Читать книгу Горький шоколад - Анастасия Евгеньевна Чернова, Анастасия Чернова - Страница 17

16.

Оглавление

Двор этот напоминал колодец: стены с четырех сторон, все окна темные и нежилые. Должно быть, и правда: скоро, каким-нибудь морозным зимним утром, приедут сюда строительные машины и тяжелой гирей снесут ненужные ветхие строения. Разломится под мерными ударами столетний кирпич, деревянное крыльцо обратится в щепки. Кто вспомнит, что когда-то за этими стенами спал в кроватке, за шторкой, ребенок, и голуби, слетевшись, глухо ворковали на чердаке.

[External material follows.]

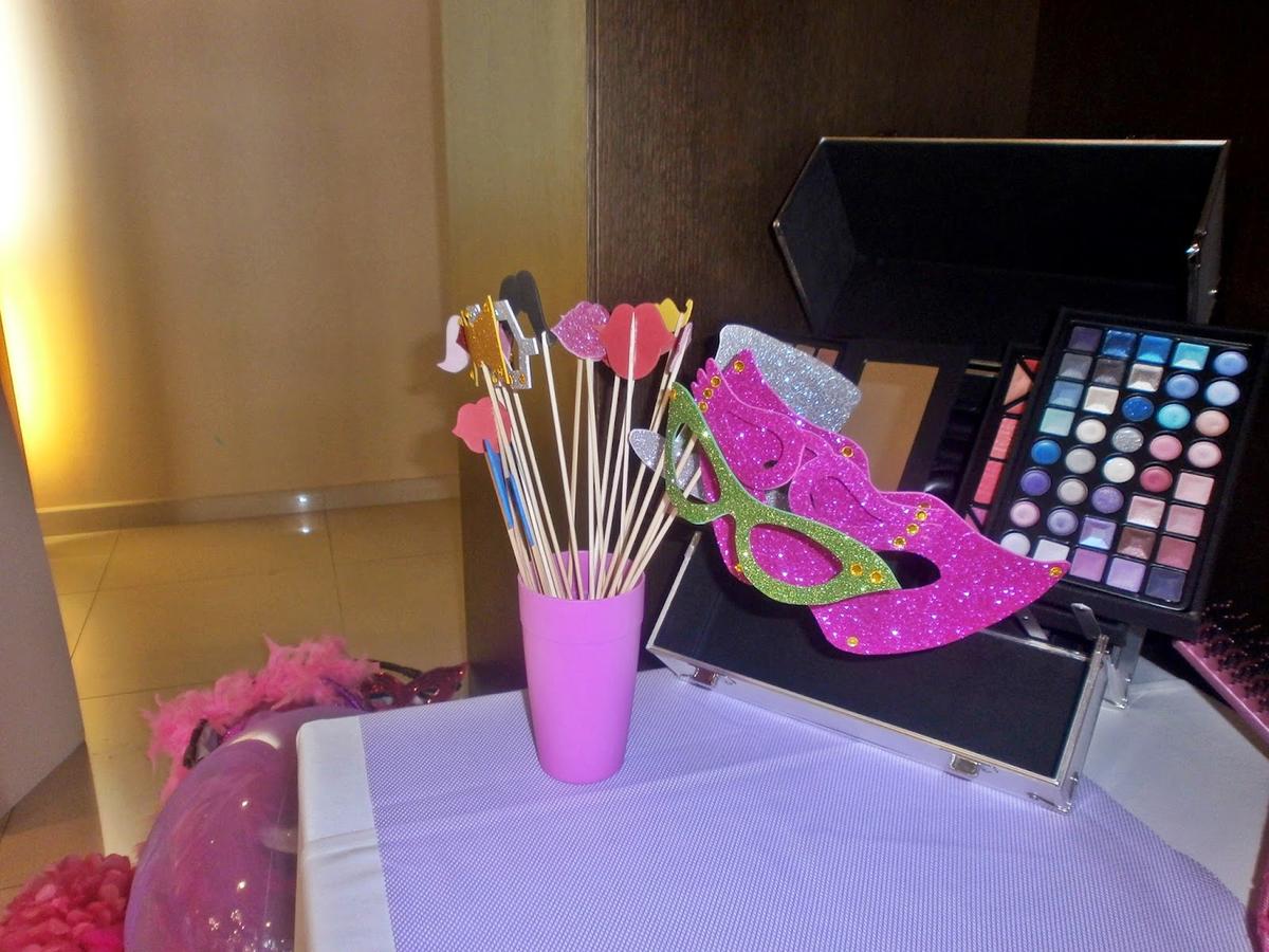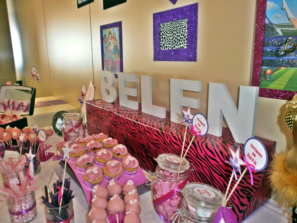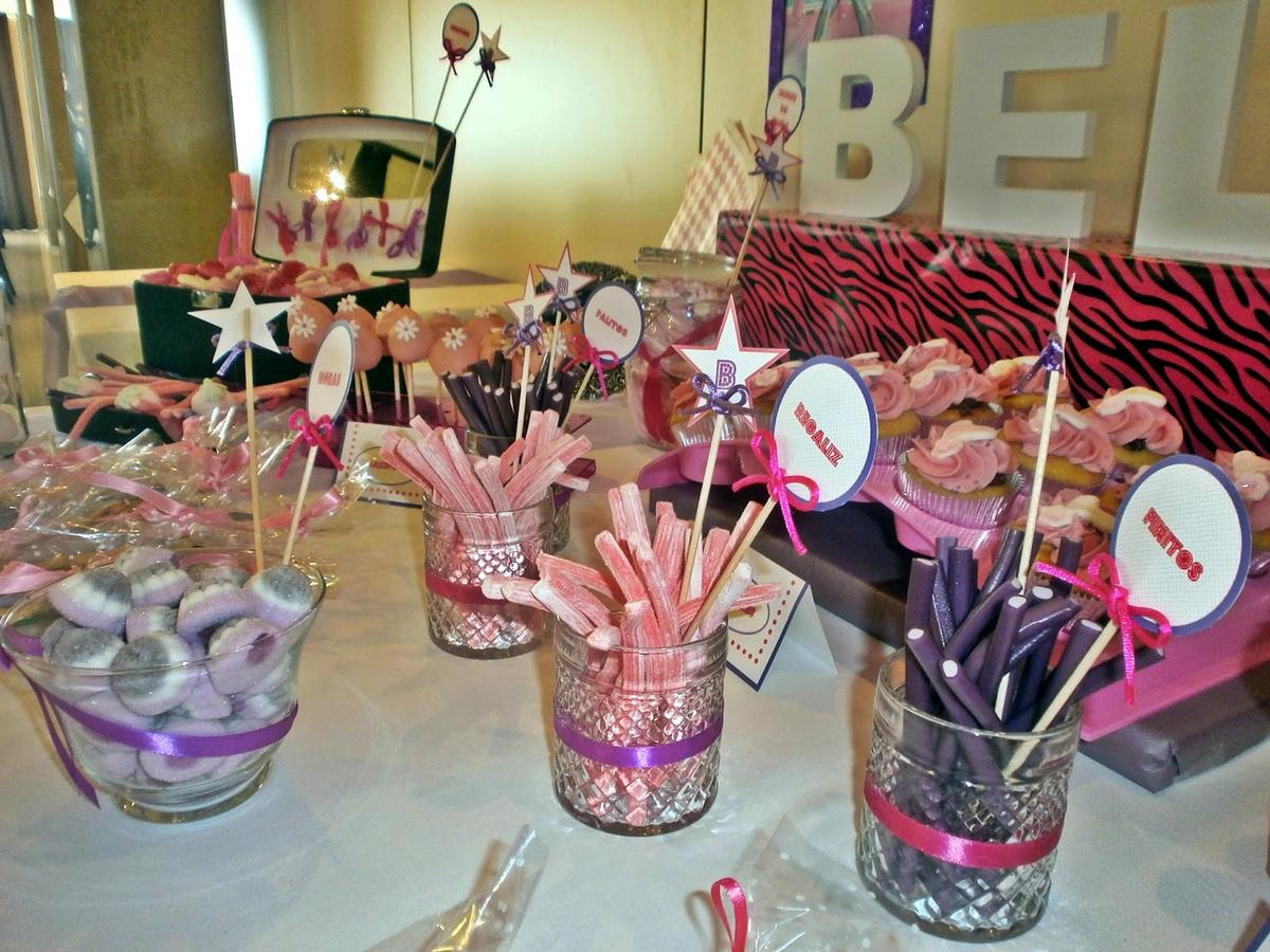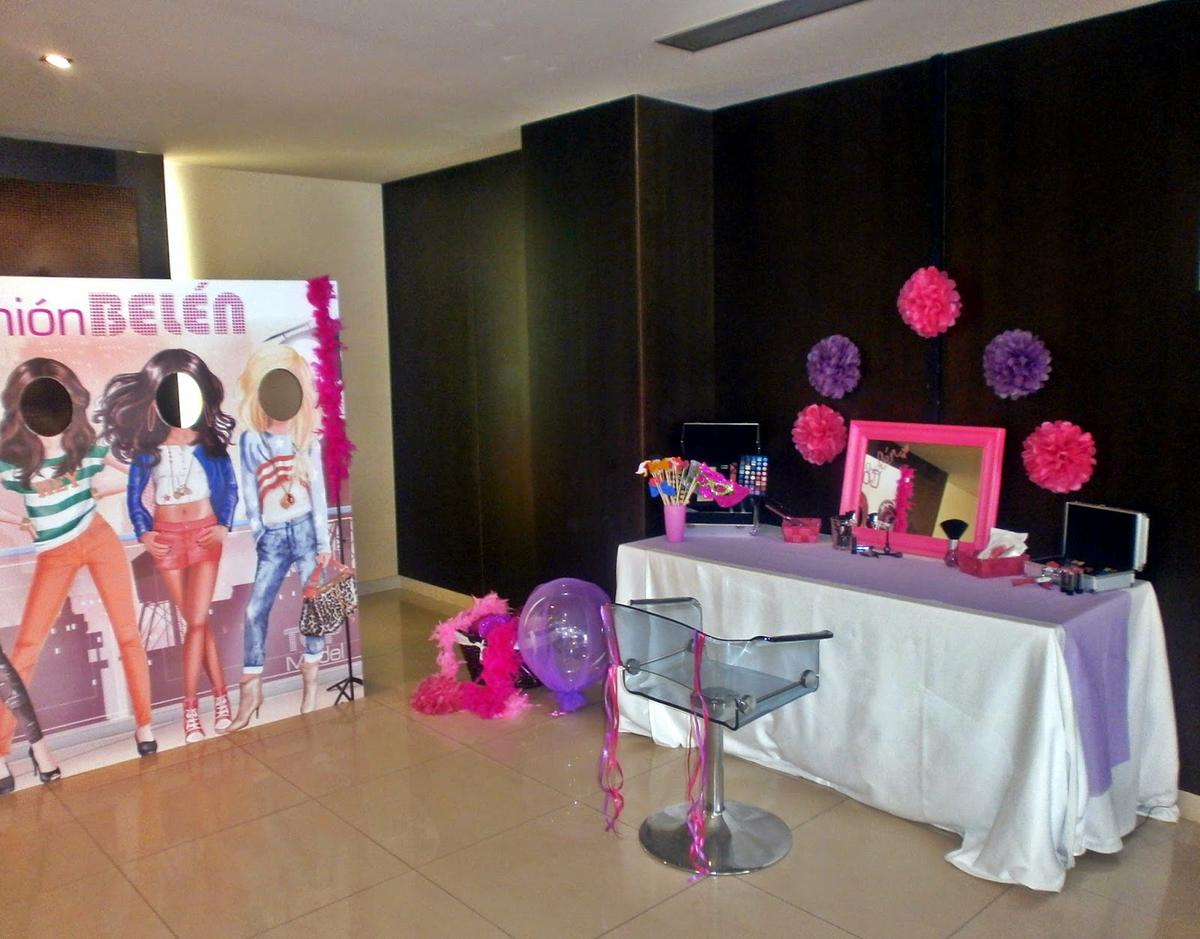 Preparamos una Candy Bar repleta de golosinas y cupcakes; un Photocall para ser auténticas estrellas y a su lado colocamos un Corner Beauty por eso de pasar por chapa y pintura antes de pasar por la alfombra; pero sin olvidarnos que Belén sigue siendo una niña colocamos una gran mesa imperial para ella y todos sus amigos repleta de globos de los colores elegidos para toda la Comunión, rosa, fucsia y morado.

Кто вспомнит, что в начале двадцать первого века в холодных сумерках осени, когда единственный фонарь на углу дома еще не загорелся, и небо бледнело цветом сухого листа, на крыльце, в шерстяном пальто и в серых сапогах на невысоком каблуке, прислонившись к дверному косяку, стояла девушка. Она смотрела перед собой на соседнее здание музыкального магазина, и тени деревьев казались огромными; качаясь от ветра, струились длинные ветви.

– Маша, – послышалось, – здравствуй!

Можно не оглядываться, разве не чувствовала она сейчас что-то удивительное в своем сердце, в полноте, что назревала, теплой волной передалась до кончиков пальцев. Весь мир сошелся в единственной точке. На темном крыльце заброшенного двора.

– Денис…

Он стоял под окнами, за палисадником, не улыбаясь, внимательно смотрел, и пальто его было расстегнуто, а руки в карманах.

– Привет!

Не сговариваясь, они пошли куда-то вглубь, за дома, так близко друг к другу, что чуть не наступали на ноги. Летели, плавно кружась, последние крупные листья.

– Что такая грустная? – спросил Денис.

– Я? Да нет… а ты сейчас… как, откуда?

– По делам, нужно было, просто шел, тут здание, не это – другое. Вернее, это самое, но мимо…

– Что? – не поняла Маша.

– Вот так, – вздохнул Денис, – мимо.

– Ну, ясно…

У Маши спала температура еще день назад, но в институт еще не ходила; понравилось проводить все время дома, и сегодня первый вечер, как она решила заглянуть в музей; недавно вернулась заведующая, и привезла из поездки несколько карандашей, по некоторым сведениям подобным стержнем мог пользоваться Волгин, хотя точно этого никто не знал.

– И при чем здесь карандаши… – закончила Маша, – обычные, цветные. Китайские.

Хотя они шли очень медленно, тихие дворы неумолимо кончались, за черной вязью деревьев уже просвечивали желтые окна девятиэтажного дома, и доносился приглушенный шорох машин. Вечный гул, неотделимый от города.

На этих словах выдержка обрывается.